Print the listing below exactly, minus its pictures.

Start of Record set

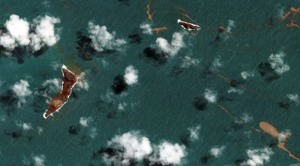 Fotografías recientes del Centro de Satélites de las Naciones Unidas (UNOSAT) revelan que a raíz de la erupción del volcán Hunga Tonga Hunga Ha’apa solo quedan dos pequeñas porciones de tierra sobre el nivel del mar.
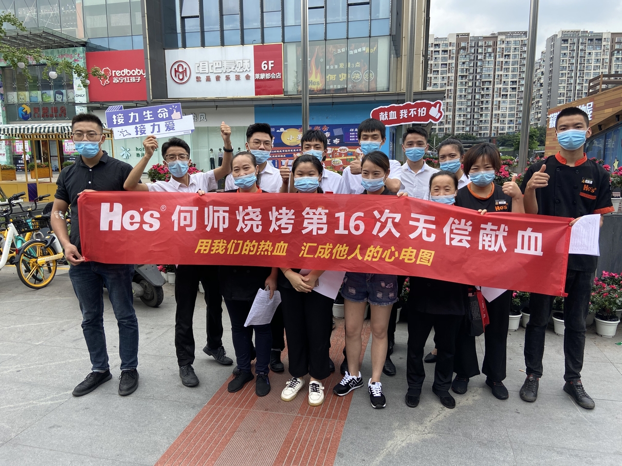2020年8月19日,何师烧烤接过了2020年民营企业无偿献血公益行动的爱心接力棒,热血开跑!
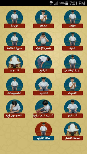 يحتوي برنامج تعليم الصلاة - كيف نصلي على جميع أقسام الصلاة بشكل مفصل، حيث يحتوي كل قسم على:
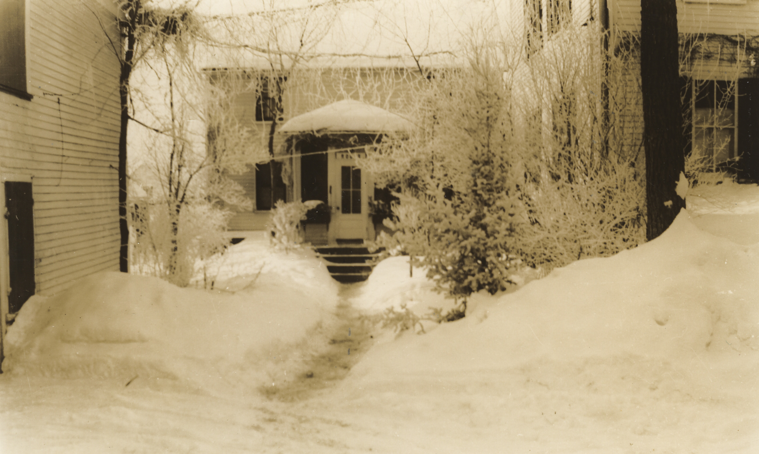This is the home of Nellie Graves on Woodbine Ct., April 12, 1939. The house is on the east side behind the former Camelot Bookstore on North Main St., now a health spa. The photo is taken from a path between two houses across the narrow street. Nellie was a well known teacher in the Pickering & Carpenter Schools.
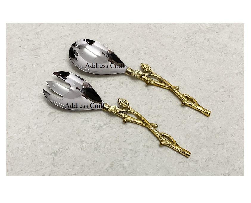 Ensemble de serveurs à salade en acier inoxydable avec poignée en laiton Design unique de feuille de branche Outils de cuisine Mains à salade pour la maison Hôtel Vaisselle Décor
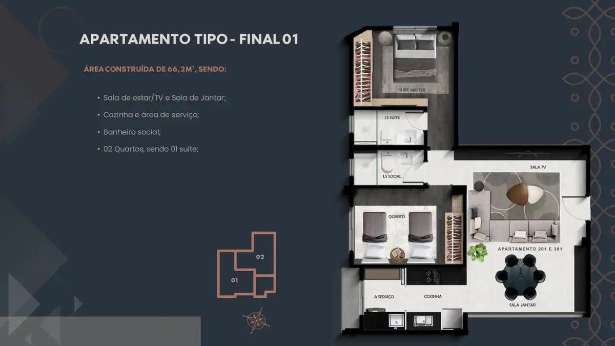 Apartamento com 66m² contando com dois quartos sendo uma suíte, banheiro social, sala de estar e jantar, cozinha, área de serviço e duas vagas de garagem.
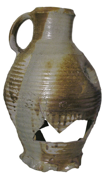 | 4b | bolle kan met hoge iets uitlopende hals en naar binnen gebogen lip, ribbel op halsaanzet, standring |
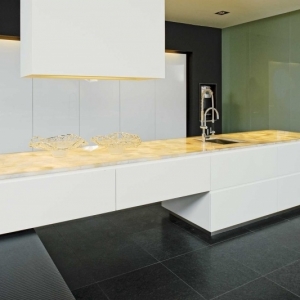 De Alexander Black wordt geleverd met strak gezaagde zijdes en zonder facet, waardoor het graniet erg strak verwerkt kan worden. Deze vloer komt dan ook het beste tot z’n recht in een moderne inrichting.
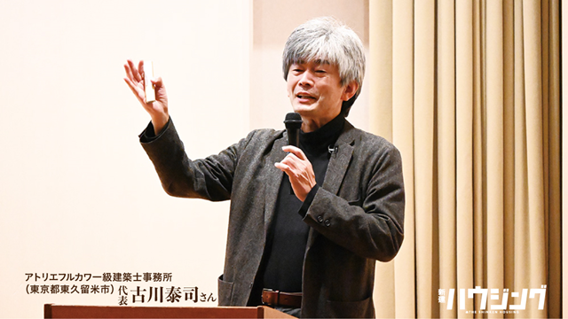 新潟県内の工務店や設計事務所などが学び合うコミュニティ・住学(すがく)は、メンバー間で県産材を積極的に活用していこうと11月30日、長年にわたり林産地と一体となった家づくりを手掛けるアトリエフルカワ一級建築士事務所(東京都東久留米市)代表の古川泰司さんを講師として招き、新潟市内でオンラインとあわせたセミナーを開催した。古川さんの講演のほか、住学の立ち上げ人でサトウ工務店社長の佐藤高志さんのコーディネートにより、住学メンバーで建築家として活動しながら林業・製材所を経営する石田伸一さんと古川さんのパネルディスカッションも行い、持続的に県産材を活用していく川上(林業)・川中(製材)・川下(設計事務所・工務店)の連携のあり方について考えた。
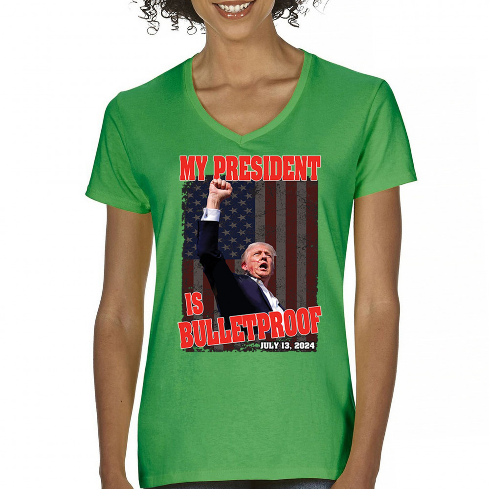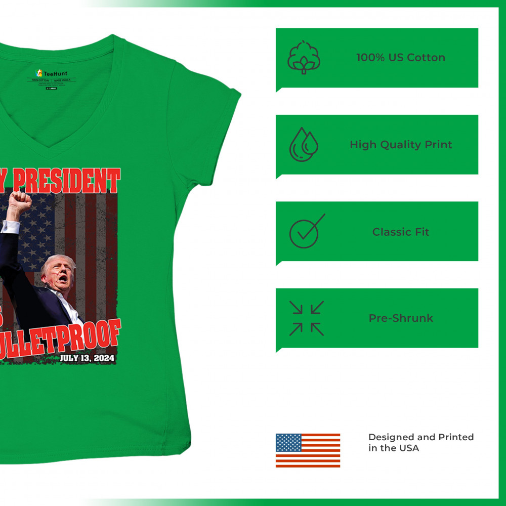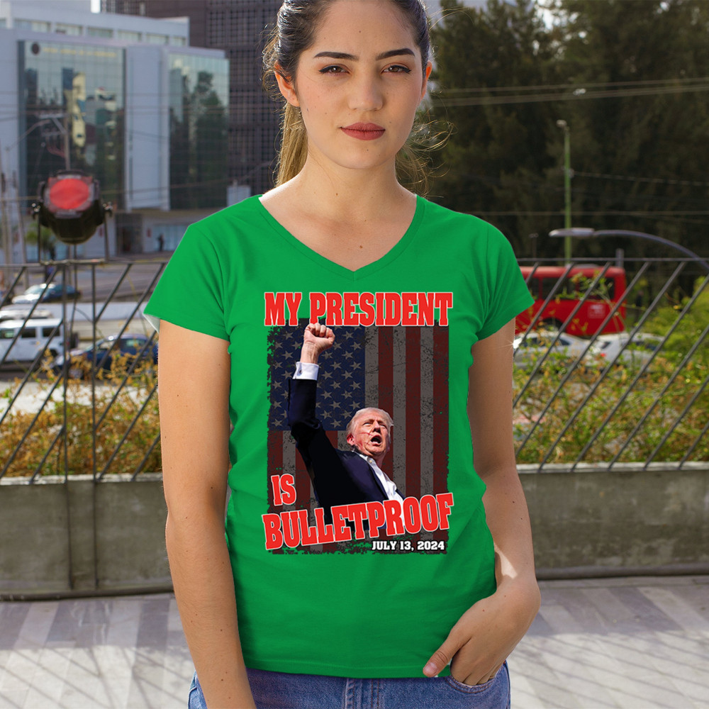 Support Trump with our "My President is Bulletproof" design, perfect for rallies and everyday wear. Show your patriotic pride and conservative values.
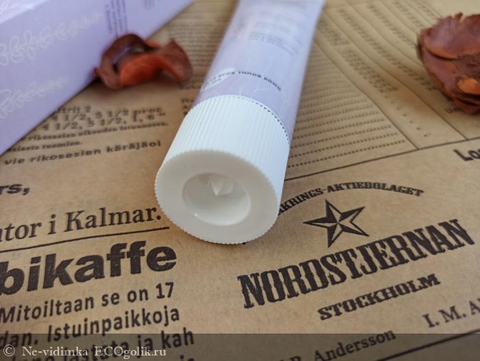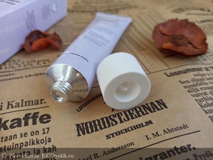 Первоначально же упаковкой крема является алюминиевая туба. Не скажу, что это мой любимый вид упаковки, так как периодически мнется, заламывается, быстро теряет привлекательный вид. Но тюбик у Ecomake выполнен качественно - израсходовала уже почти половину, а он в очень хорошем состоянии.
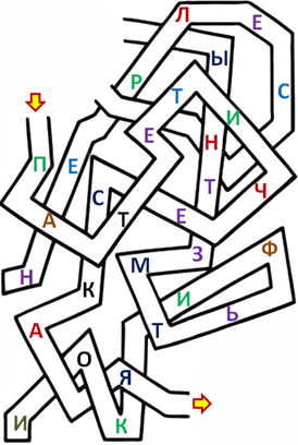 5. (по 2 балла за каждый пункт) Найди выход из лабиринта. На пути к выходу собери все буквы по порядку и узнай название оперы.
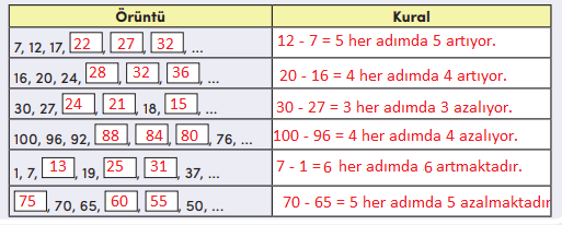 1. Aşağıdaki sayı örüntülerinde eksik olan terimleri ve örüntünün kuralını yazınız.
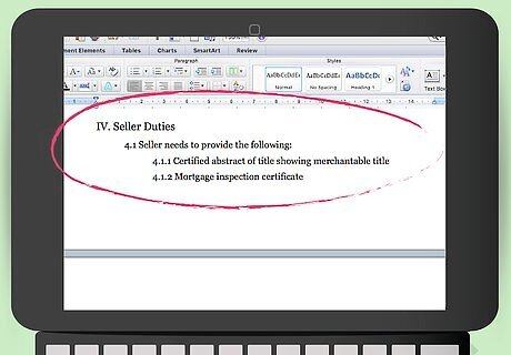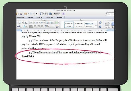 Require the seller to complete certain disclosures. State and federal law probably require that the seller make many different disclosures to potential buyers. You should include a provision listing the disclosures that the seller must make. For example, the seller must make a Disclosure and Acknowledgement of Lead-Based Paint if the property was built before 1978. Check with your real estate commission to see what other disclosures the seller must make.

End of Record set

◆ **Output of the task**
 Fotografías recientes del Centro de Satélites de las Naciones Unidas (UNOSAT) revelan que a raíz de la erupción del volcán Hunga Tonga Hunga Ha’apa solo quedan dos pequeñas porciones de tierra sobre el nivel del mar.
2020年8月19日,何师烧烤接过了2020年民营企业无偿献血公益行动的爱心接力棒,热血开跑!
 يحتوي برنامج تعليم الصلاة - كيف نصلي على جميع أقسام الصلاة بشكل مفصل، حيث يحتوي كل قسم على:
This is the home of Nellie Graves on Woodbine Ct., April 12, 1939. The house is on the east side behind the former Camelot Bookstore on North Main St., now a health spa. The photo is taken from a path between two houses across the narrow street. Nellie was a well known teacher in the Pickering & Carpenter Schools.
 Ensemble de serveurs à salade en acier inoxydable avec poignée en laiton Design unique de feuille de branche Outils de cuisine Mains à salade pour la maison Hôtel Vaisselle Décor
 Apartamento com 66m² contando com dois quartos sendo uma suíte, banheiro social, sala de estar e jantar, cozinha, área de serviço e duas vagas de garagem.
 | 4b | bolle kan met hoge iets uitlopende hals en naar binnen gebogen lip, ribbel op halsaanzet, standring |
 De Alexander Black wordt geleverd met strak gezaagde zijdes en zonder facet, waardoor het graniet erg strak verwerkt kan worden. Deze vloer komt dan ook het beste tot z’n recht in een moderne inrichting.
 新潟県内の工務店や設計事務所などが学び合うコミュニティ・住学(すがく)は、メンバー間で県産材を積極的に活用していこうと11月30日、長年にわたり林産地と一体となった家づくりを手掛けるアトリエフルカワ一級建築士事務所(東京都東久留米市)代表の古川泰司さんを講師として招き、新潟市内でオンラインとあわせたセミナーを開催した。古川さんの講演のほか、住学の立ち上げ人でサトウ工務店社長の佐藤高志さんのコーディネートにより、住学メンバーで建築家として活動しながら林業・製材所を経営する石田伸一さんと古川さんのパネルディスカッションも行い、持続的に県産材を活用していく川上(林業)・川中(製材)・川下(設計事務所・工務店)の連携のあり方について考えた。
 Support Trump with our "My President is Bulletproof" design, perfect for rallies and everyday wear. Show your patriotic pride and conservative values.
 Первоначально же упаковкой крема является алюминиевая туба. Не скажу, что это мой любимый вид упаковки, так как периодически мнется, заламывается, быстро теряет привлекательный вид. Но тюбик у Ecomake выполнен качественно - израсходовала уже почти половину, а он в очень хорошем состоянии.
 5. (по 2 балла за каждый пункт) Найди выход из лабиринта. На пути к выходу собери все буквы по порядку и узнай название оперы.
 1. Aşağıdaki sayı örüntülerinde eksik olan terimleri ve örüntünün kuralını yazınız.
 Require the seller to complete certain disclosures. State and federal law probably require that the seller make many different disclosures to potential buyers. You should include a provision listing the disclosures that the seller must make. For example, the seller must make a Disclosure and Acknowledgement of Lead-Based Paint if the property was built before 1978. Check with your real estate commission to see what other disclosures the seller must make.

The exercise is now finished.